··· RECORD SET ···

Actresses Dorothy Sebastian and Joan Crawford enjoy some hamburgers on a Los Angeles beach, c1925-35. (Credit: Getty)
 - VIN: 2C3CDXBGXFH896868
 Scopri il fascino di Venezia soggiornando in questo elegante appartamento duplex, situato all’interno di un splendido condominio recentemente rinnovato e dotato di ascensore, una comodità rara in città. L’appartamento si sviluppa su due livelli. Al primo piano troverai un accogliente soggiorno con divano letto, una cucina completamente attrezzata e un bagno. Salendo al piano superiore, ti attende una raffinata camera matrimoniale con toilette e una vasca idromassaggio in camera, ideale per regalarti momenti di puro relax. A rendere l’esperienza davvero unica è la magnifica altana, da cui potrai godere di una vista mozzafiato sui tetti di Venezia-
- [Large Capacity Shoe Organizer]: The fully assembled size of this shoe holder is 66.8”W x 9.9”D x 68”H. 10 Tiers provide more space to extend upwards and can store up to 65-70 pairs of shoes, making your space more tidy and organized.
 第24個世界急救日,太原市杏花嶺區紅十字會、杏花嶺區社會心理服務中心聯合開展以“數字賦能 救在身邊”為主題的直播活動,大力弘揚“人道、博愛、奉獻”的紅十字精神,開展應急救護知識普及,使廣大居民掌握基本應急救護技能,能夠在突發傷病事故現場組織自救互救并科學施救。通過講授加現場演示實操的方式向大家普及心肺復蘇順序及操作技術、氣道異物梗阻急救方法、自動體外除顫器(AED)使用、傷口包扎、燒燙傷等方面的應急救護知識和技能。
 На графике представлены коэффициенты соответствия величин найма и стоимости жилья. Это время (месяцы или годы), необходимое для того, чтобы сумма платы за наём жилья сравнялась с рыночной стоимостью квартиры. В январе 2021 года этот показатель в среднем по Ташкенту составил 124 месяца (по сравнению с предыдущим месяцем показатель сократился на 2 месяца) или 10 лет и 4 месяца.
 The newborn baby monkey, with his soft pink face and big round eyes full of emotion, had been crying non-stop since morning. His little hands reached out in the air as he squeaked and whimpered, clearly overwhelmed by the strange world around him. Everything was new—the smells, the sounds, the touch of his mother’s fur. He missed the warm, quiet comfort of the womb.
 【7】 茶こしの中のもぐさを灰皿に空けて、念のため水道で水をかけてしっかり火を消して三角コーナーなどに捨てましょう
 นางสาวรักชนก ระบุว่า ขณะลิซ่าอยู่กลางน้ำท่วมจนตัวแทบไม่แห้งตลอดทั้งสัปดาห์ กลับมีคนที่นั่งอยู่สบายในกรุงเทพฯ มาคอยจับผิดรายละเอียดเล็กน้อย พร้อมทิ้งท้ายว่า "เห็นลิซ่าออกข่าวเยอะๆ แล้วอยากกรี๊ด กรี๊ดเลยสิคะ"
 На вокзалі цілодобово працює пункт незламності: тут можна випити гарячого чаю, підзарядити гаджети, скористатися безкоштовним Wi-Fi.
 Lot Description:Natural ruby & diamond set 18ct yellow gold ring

···

◆ **WHAT NEEDS TO BE DONE**:
Every record above must be set down again, word for word.

◆ **ANSWER TO THIS EXERCISE**:
Actresses Dorothy Sebastian and Joan Crawford enjoy some hamburgers on a Los Angeles beach, c1925-35. (Credit: Getty)
 - VIN: 2C3CDXBGXFH896868
 Scopri il fascino di Venezia soggiornando in questo elegante appartamento duplex, situato all’interno di un splendido condominio recentemente rinnovato e dotato di ascensore, una comodità rara in città. L’appartamento si sviluppa su due livelli. Al primo piano troverai un accogliente soggiorno con divano letto, una cucina completamente attrezzata e un bagno. Salendo al piano superiore, ti attende una raffinata camera matrimoniale con toilette e una vasca idromassaggio in camera, ideale per regalarti momenti di puro relax. A rendere l’esperienza davvero unica è la magnifica altana, da cui potrai godere di una vista mozzafiato sui tetti di Venezia-
- [Large Capacity Shoe Organizer]: The fully assembled size of this shoe holder is 66.8”W x 9.9”D x 68”H. 10 Tiers provide more space to extend upwards and can store up to 65-70 pairs of shoes, making your space more tidy and organized.
 第24個世界急救日,太原市杏花嶺區紅十字會、杏花嶺區社會心理服務中心聯合開展以“數字賦能 救在身邊”為主題的直播活動,大力弘揚“人道、博愛、奉獻”的紅十字精神,開展應急救護知識普及,使廣大居民掌握基本應急救護技能,能夠在突發傷病事故現場組織自救互救并科學施救。通過講授加現場演示實操的方式向大家普及心肺復蘇順序及操作技術、氣道異物梗阻急救方法、自動體外除顫器(AED)使用、傷口包扎、燒燙傷等方面的應急救護知識和技能。
 На графике представлены коэффициенты соответствия величин найма и стоимости жилья. Это время (месяцы или годы), необходимое для того, чтобы сумма платы за наём жилья сравнялась с рыночной стоимостью квартиры. В январе 2021 года этот показатель в среднем по Ташкенту составил 124 месяца (по сравнению с предыдущим месяцем показатель сократился на 2 месяца) или 10 лет и 4 месяца.
 The newborn baby monkey, with his soft pink face and big round eyes full of emotion, had been crying non-stop since morning. His little hands reached out in the air as he squeaked and whimpered, clearly overwhelmed by the strange world around him. Everything was new—the smells, the sounds, the touch of his mother’s fur. He missed the warm, quiet comfort of the womb.
 【7】 茶こしの中のもぐさを灰皿に空けて、念のため水道で水をかけてしっかり火を消して三角コーナーなどに捨てましょう
 นางสาวรักชนก ระบุว่า ขณะลิซ่าอยู่กลางน้ำท่วมจนตัวแทบไม่แห้งตลอดทั้งสัปดาห์ กลับมีคนที่นั่งอยู่สบายในกรุงเทพฯ มาคอยจับผิดรายละเอียดเล็กน้อย พร้อมทิ้งท้ายว่า "เห็นลิซ่าออกข่าวเยอะๆ แล้วอยากกรี๊ด กรี๊ดเลยสิคะ"
 На вокзалі цілодобово працює пункт незламності: тут можна випити гарячого чаю, підзарядити гаджети, скористатися безкоштовним Wi-Fi.
 Lot Description:Natural ruby & diamond set 18ct yellow gold ring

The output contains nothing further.